Meanwhile, Nikola was crafting its rebuttal after founder Trevor Milton explained he had to wait on a comprehensive response because he was already in contact with the SEC. As his constant Twitter updates started to become counterproductive, this was likely a wise decision. The response dropped on Monday, clearing a handful of items up while making a bunch of other aspects seem even more suspect.

For example, one of our biggest concerns was the rumors that the Nikola One semi that debuted in 2016 couldn’t actually drive under its own power. We weren’t alone in fretting over that either, Bloomberg reported on the issue in June and Mr. Milton became so outraged he suggested the reporter be fired and threatened a lawsuit.

But here’s the rub  the EV company literally admits it wasn’t functional in its rebuttal.

From Nikola:

As Nikola pivoted to the next generation of trucks, it ultimately decided not to invest additional resources into completing the process to make the Nikola One drive on its own propulsion. After pivoting, Nikola produced prototypes for the Nikola Two, which are self-propelled and have been frequently demonstrated, beginning with demonstration runs at Nikola World in April 2019.

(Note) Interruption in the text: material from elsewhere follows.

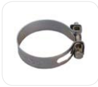
Hose Clamp Medium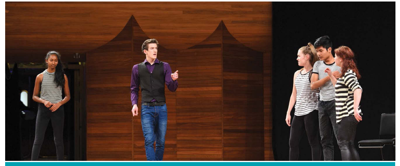
Buller High School students take to the stage at the SGCNZ Shakespeare Festival nationals

She confirmed the difficulties in finding sufficient funds each year in an increasingly stretched market-place. Major additional amounts were required to hire the larger venues now essential because of the number of people wishing to be involved, and "seismic issues" had severely reduced the number of options available, she said.

The Nikola One was an incredibly successful proof of concept, and everything the Company learned from that experience has underpinned the successful development of its next generation of trucks that can be seen driven here.

The link takes you to a clip from April 2020 where a finished-looking product makes a lap of a parking lot. But that’s not the vehicle everyone is worked up about, it’s that proof of concept from 2016. Milton had previously said the prototype One semi was “fully functions and works,” however the latest from Nikola seems to suggest the contrary.

There were other items like that, too. At one point Nikola flat out admits the prototype wasn’t operational in a commercial from 2017 where it was filmed moving down the highway. Hindenburg Research framed it as intentionally misleading while the EV firm said it was Hindenburg engaging in trickery because the company never stated its truck was driving under its own propulsion in the video, although the truck was designed to do just that, and claimed investors knew that. A similar explanation was given regarding the third-party inverters it was using. Nikola said it never claimed to have installed its own inverters on prototype vehicles but claimed it was working on its own versions for “quite some time.”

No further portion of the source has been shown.